The point is: there are actually 5 types of SMB companies -and this is without taking into consideration verticals and business types: sustainable or growth oriented. If you agree with the distinction made above, you would also agree that treating SMB as one integrated space may not be the right thing to do. My advice is simple:
- Create your modification of this definition based on verticals, industries and geography.
- Decide if you want to sell to all the SMB categories. For many companies it would be wise to exclude some and focus on the ones more suitable for their products and processes.
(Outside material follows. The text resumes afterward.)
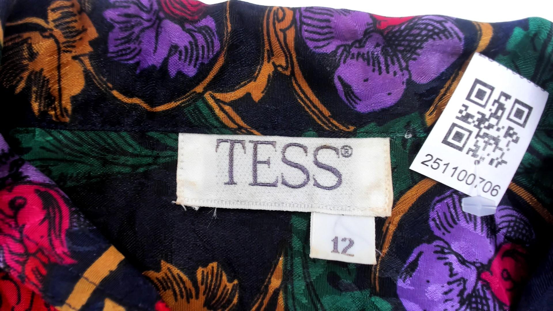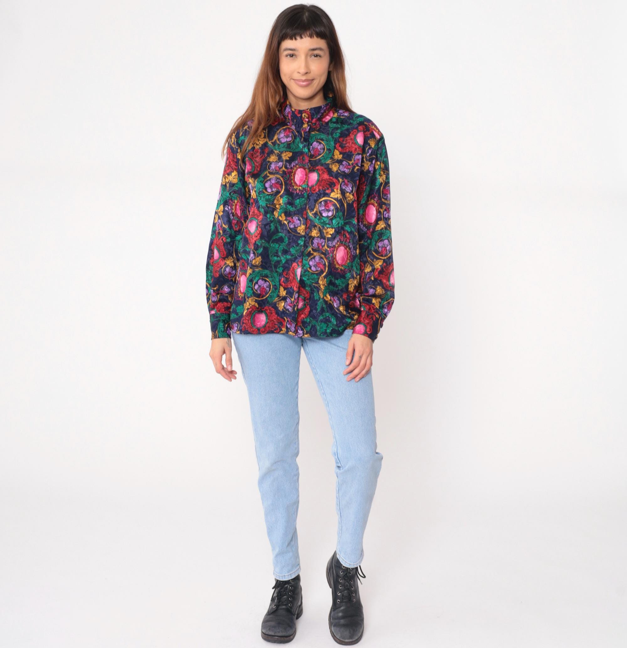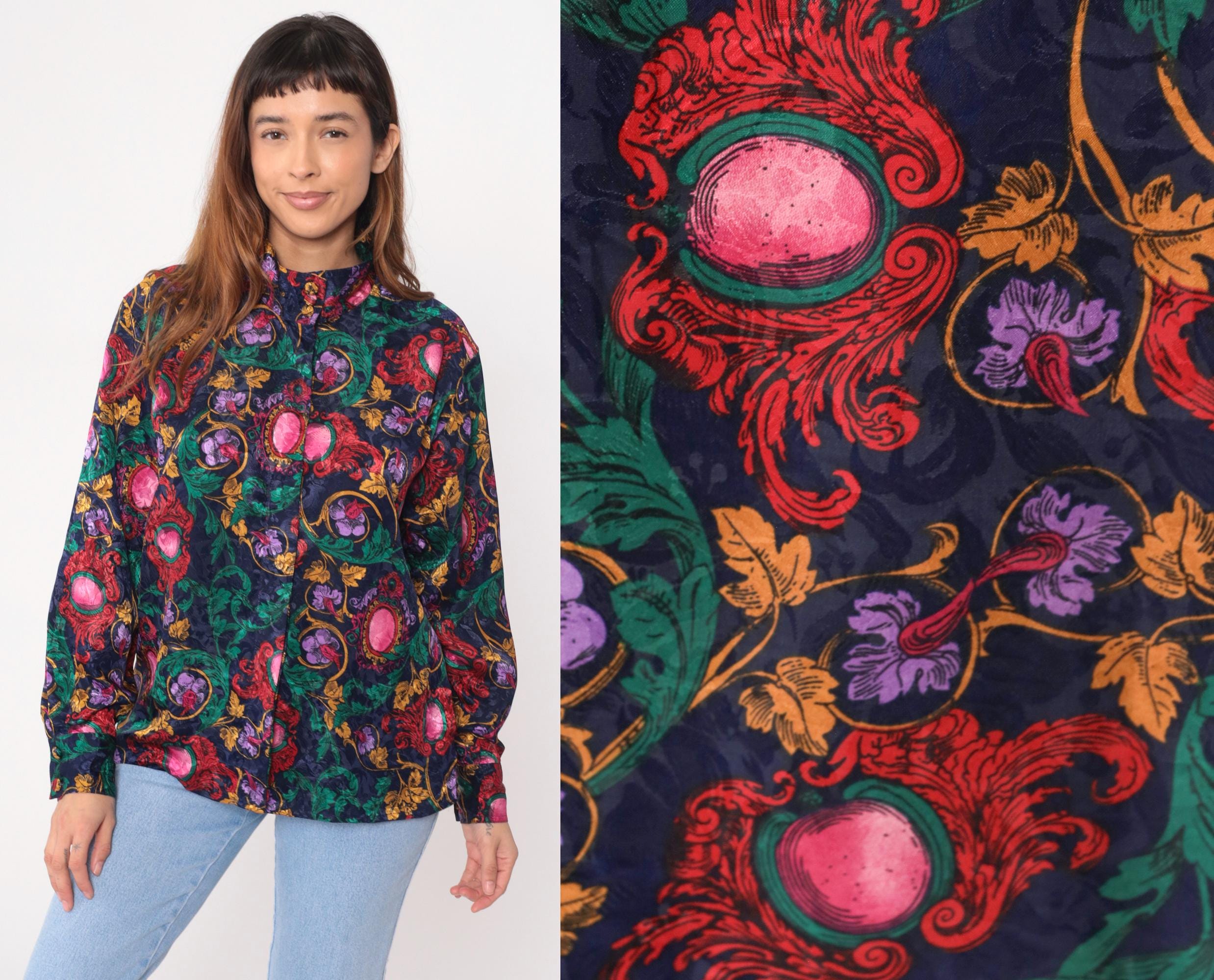 90s navy baroque print shirt from tess with pink oval cameos surrounded by ornate red, green, gold, and purple scrollwork and floral motifs across the fabric. Long sleeves, button front closure, pointed collar.

- Define different go-to-market strategies for the family-oriented businesses, the small companies and the medium companies. Consider establishing different teams for each category with different goals and KPIs.
- If you go down market, you will need volume oriented processes. Don’t try to “cheat down” and tweak mid-market processes to work for tiny companies.
- Don’t ask your mid-market people to sell to small companies or your large enterprise guys to sell to mid companies. It is good on paper but can’t work in real life due to different motivation and compensation.
- One size fits all works only with baseball caps.